Problem to work on: Please repeat, exactly as written, every line from the one containing "The Swamp Thing" through the last line of the records, both included, and leave out any pictures.
___
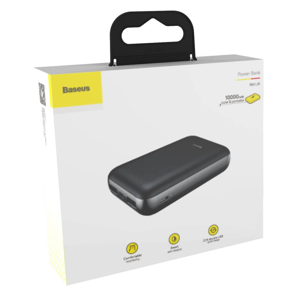 Baseus Mini JA Power Bank - външна батерия 10000 mAh с 2 USB изхода за зареждане на смартфони и таблети (черен)
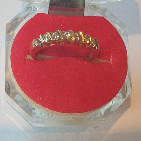 Kultainen naisten timanttisormus paino 3,52g. Sormus on valmistettu kullasta ja siinä on 3 timanttia koristeena. Sopii käytettäväksi esimerkiksi arki- tai juhlasormuksena. Huomioithan, että tarkka karaattimäärä ja timanttien yhteispaino eivät käy ilmi tiedoista. Lappu hukkunut muutossa. Lisään koon heti kun työntömitta löytyy.
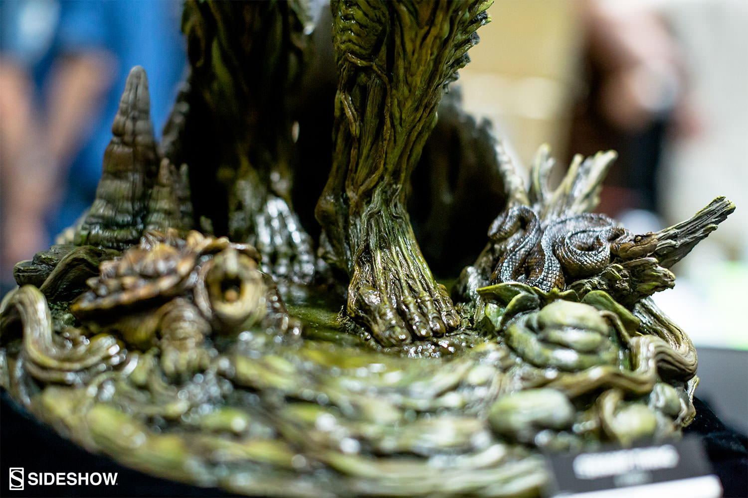The Swamp Thing Maquette measures 24” tall on an environmental polyresin base designed to emulate the muck and mire from which he has emerged. There is a clear water feature beneath his feet, as well as a muddy embankment with trees and various swamp fauna.
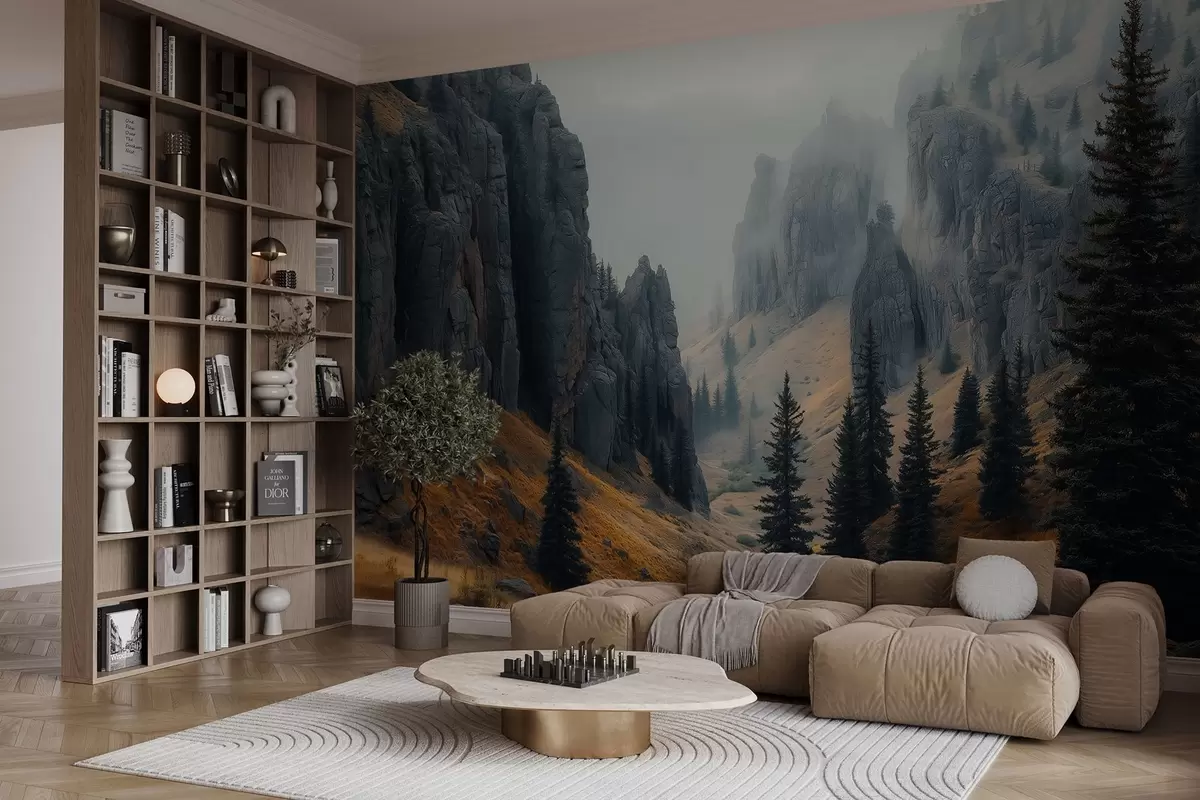 Fototapetai mistinis kraštovaizdis su akmenimis ir eglėmis Nr. w02682
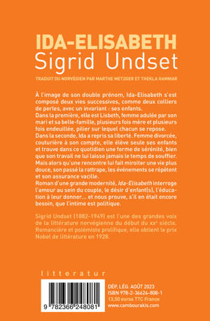 À l'image de son double prénom, Ida-Elisabeth s'est composé deux vies successives, comme deux colliers de perles, avec un invariant : ses enfants. Dans la première, elle est Lisbeth, femme adulée par son mari et sa belle-famille, plusieurs fois mère et plusieurs fois endeuillée, pilier sur lequel chacun se repose. Dans la seconde, Ida a repris sa liberté. Femme divorcée, couturière à son compte, elle élève seule ses enfants et trouve dans ce quotidien une forme de sérénité, bien que son travail ne lui laisse jamais le temps de souffler. Mais alors qu'une rencontre lui fait miroiter une vie plus douce, son passé la rattrape, les événements se répètent et son assurance vacille. Roman d'une grande modernité, Ida-Elisabeth interroge l'amour au sein du couple, le désir d'enfant(s), l'éducation à leur donner... et nous prouve, s'il en était encore besoin, que l'intime est politique.
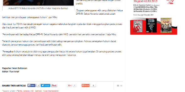 “Dugaan pelanggaran etik yang dilakukan Ketua DPR-RI, Setya Novanto sejak awal sudah beririsan dengan dugaan pelanggaran hukum,” ujar Miko.
___
Result:
The Swamp Thing Maquette measures 24” tall on an environmental polyresin base designed to emulate the muck and mire from which he has emerged. There is a clear water feature beneath his feet, as well as a muddy embankment with trees and various swamp fauna.
 Fototapetai mistinis kraštovaizdis su akmenimis ir eglėmis Nr. w02682
 À l'image de son double prénom, Ida-Elisabeth s'est composé deux vies successives, comme deux colliers de perles, avec un invariant : ses enfants. Dans la première, elle est Lisbeth, femme adulée par son mari et sa belle-famille, plusieurs fois mère et plusieurs fois endeuillée, pilier sur lequel chacun se repose. Dans la seconde, Ida a repris sa liberté. Femme divorcée, couturière à son compte, elle élève seule ses enfants et trouve dans ce quotidien une forme de sérénité, bien que son travail ne lui laisse jamais le temps de souffler. Mais alors qu'une rencontre lui fait miroiter une vie plus douce, son passé la rattrape, les événements se répètent et son assurance vacille. Roman d'une grande modernité, Ida-Elisabeth interroge l'amour au sein du couple, le désir d'enfant(s), l'éducation à leur donner... et nous prouve, s'il en était encore besoin, que l'intime est politique.
 “Dugaan pelanggaran etik yang dilakukan Ketua DPR-RI, Setya Novanto sejak awal sudah beririsan dengan dugaan pelanggaran hukum,” ujar Miko.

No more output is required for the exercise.